Ели до самого вечера. Устав сидеть, гости уходили во двор погулять или на гумно поиграть в пробку, а потом снова возвращались к столу. К концу обеда многие уснули и захрапели. Но за кофе все опять оживились; тогда начались песни; мужчины стали хвастаться силой, таскали гири, пробовали поднять на плечах телегу, показывали фокусы, отпускали крепкие шутки, обнимали дам. Вечером, когда нужно было уезжать, раздувшиеся от овса лошади еле влезали в оглобли, брыкались, становились на дыбы, рвали упряжь; а хозяева ругались или хохотали. И всю ночь по всем дорогам округи мчались галопом при лунном свете обезумевшие повозки; они сваливались в канавы, перемахивали через кучи булыжника, застревали на подъемах, и женщины, высовываясь из них, подхватывали упущенные вожжи. Оставшиеся в Берто провели ночь на кухне за вином. Дети уснули под лавками.

Невеста упросила отца, чтобы ее избавили от обычных шуток. Правда, один из родственников, торговавший морской рыбой (он даже привез в качестве свадебного подарка две камбалы), попробовал было прыснуть в замочную скважину водой, но дядюшка Руо успел вовремя остановить его и объяснить, что такие непристойности несовместимы с солидным общественным положением зятя. Однако родственник нелегко поддался на его уговоры. Сочтя в глубине души, что дядюшка загордился, он тут же отошел в уголок к четырем-пяти гостям, которым случайно попались за столом плохие куски, и потому они считали, что их нехорошо принимают, перешептывались насчет хозяина и обиняком желали ему разориться.

Г-жа Бовари-мать весь день не разжимала губ. С ней не посоветовались ни о туалете невесты, ни о распорядке празднества; она уехала очень рано. Супруг ее не последовал за нею, он послал в Сен-Виктор за сигарами и до самого утра курил, попивая грог с киршвассером – напиток, до тех пор неизвестный в здешних краях и потому явившийся для него как бы источником еще большего престижа.

Шарль не отличался остроумием и за ужином далеко не блистал. На все шутки, каламбуры, двусмысленности, поздравления и лукавые словечки, которыми его засыпали с первого же блюда, он отвечал довольно плоско.
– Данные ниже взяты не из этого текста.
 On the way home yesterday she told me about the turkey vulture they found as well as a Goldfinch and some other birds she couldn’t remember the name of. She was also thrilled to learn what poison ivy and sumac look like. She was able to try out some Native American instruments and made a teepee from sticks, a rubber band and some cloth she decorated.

Но зато с утра он стал другим человеком. Казалось, что он только вчера познал любовь; новобрачная ничем не выдавала себя; глядя на нее, нельзя было ни о чем догадаться. Самые лукавые остряки не знали, что сказать, и, когда она проходила мимо них, только поглядывали да тужились от непосильного умственного напряжения. Но Шарль не скрывал ничего. Он называл Эмму своей женой, говорил ей «ты», у всех спрашивал, как она им нравится, разыскивал ее повсюду и часто уводил ее в сад; и гости видели из-за деревьев, как он на ходу обнимает молодую за талию и, склоняясь к ней, мнет головой кружевную отделку корсажа.
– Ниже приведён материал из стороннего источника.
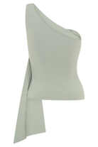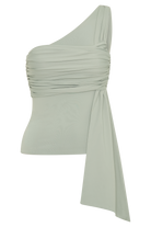Sera One Shoulder Recycled Nylon Top With Drape - Basil
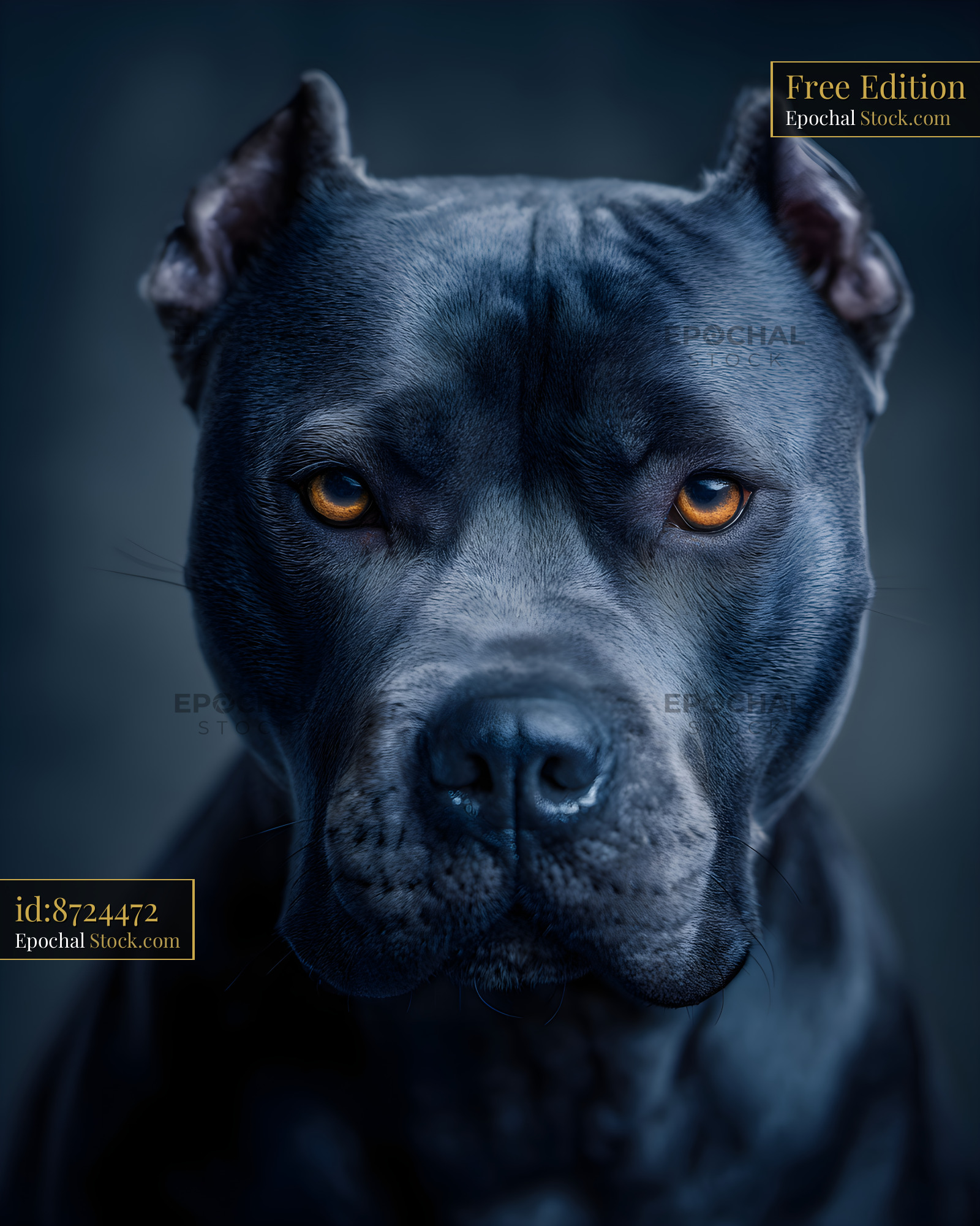 A dog with dark fur looks directly at the viewer with amber eyes. The background is dark, which draws attention to the dog's strong features and expression.

Через два дня после свадьбы молодые уехали: Шарлю нужно было заняться пациентами, больше задерживаться он не мог. Дядюшка Руо дал им свою повозку и сам проводил их до Вассонвиля. Там он в последний раз поцеловал дочь и пошел домой. Сделав сотню шагов, он остановился и, видя, как вертятся в пыли колеса уезжающей повозки, глубоко вздохнул. Вспомнил он свою собственную свадьбу, былые времена, первую беременность жены. Да, он тоже был очень весел в тот день, когда увозил ее к себе из отцовского дома, когда она сидела за его седлом и конь трусил по глубокому снегу: дело ведь шло к Рождеству, поля вокруг были белые; она одной рукой держалась за него, а в другой у нее была корзинка; ветер играл длинными кружевами нормандского чепчика, они иногда закрывали ей рот, и, оборачиваясь, он всякий раз видел у себя на плече, совсем рядом, розовое личико, молча улыбающееся под золотой пластинкой чепца. Время от времени она грела пальцы у него за пазухой. Как давно все это было! Теперь их сыну уже исполнилось бы тридцать лет!.. Он снова обернулся, но ничего не увидел на дороге. Старик приуныл, как опустелый дом; в отуманенной винными парами голове к приятным воспоминаниям примешались мрачные мысли, и ему захотелось пройтись в сторону церкви. Но, испугавшись, как бы от этого не стало еще грустнее, он пошел прямо домой.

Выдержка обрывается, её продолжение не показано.